Perhaps the most striking thing about Omrzel is how little of his self-belief sounds performative. When he talks about form dips, he doesn’t spin them. “I think the moments of disappointment are the most important in sport,” he said. “When everything is going perfectly, nothing feels difficult. But in crisis moments, when you have to fight through it, that’s where you learn and grow the most.”
He said he simply wasn’t at the right point in the form cycle after the Giro Next Gen. “It’s very hard in one season to hit top shape twice,” he explained. “l’Avenir came a bit too soon after the Giro. I didn’t feel great. I had to rebuild.”
Then, quietly, he did. Things “clicked” again at the World Championships and carried into Croatia – exactly the pattern Bahrain Victorious wanted to see from a future GC leader.
The next stepThere are two clear storylines around Jakob Omrzel now. The first is projection: a 19-year-old Slovenian climber, Baby Giro winner, national champion, soon to wear Bahrain Victorious colours at WorldTour level. You don’t have to work hard to find people using the phrase “the next Tadej Pogacar.”
The second is intention: he isn’t in a hurry, but he isn’t casual either.

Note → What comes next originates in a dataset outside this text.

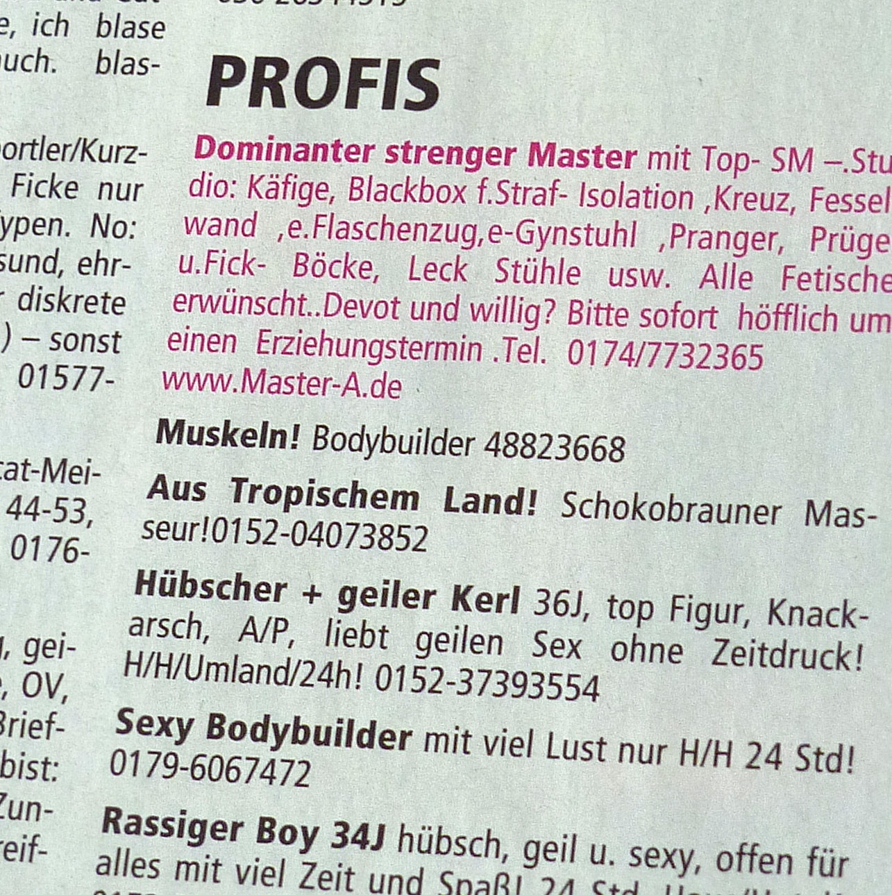 Thanks to the possibilities offered by the Prostitution Act, Tom is now part of the army of freelancers. While others offer their services as masseurs, journalists or IT technicians, Tom delivers sex. On request, free of charge or in his specially equipped studio. His tax office clerk has already got used to the fact that, in addition to the rent for the flat, he declares the expenses for relevant adverts in city magazines as well as for sex toys and lubricant as work-related expenses on his income tax return.

He’s already talking like a rider who thinks in multi-year arcs, not just in podium photos. “If I want to have a high-quality career that also lasts a long time, there’s no harm in waiting a bit longer,” he said. “It’s better to focus on week-long races than to rush into three-week ones.”
And for all the talk of patience, there’s one obvious ambition: to do what Pogacar does – not just on the bike, but in life. “Tadej isn’t the best in the world only because he is an incredible talent,” Omrzel said. “He dedicates all his time to cycling… Everything in his life is structured around cycling: diet, rest, training. He does everything at 100%. That’s why he is the best rider in the world.”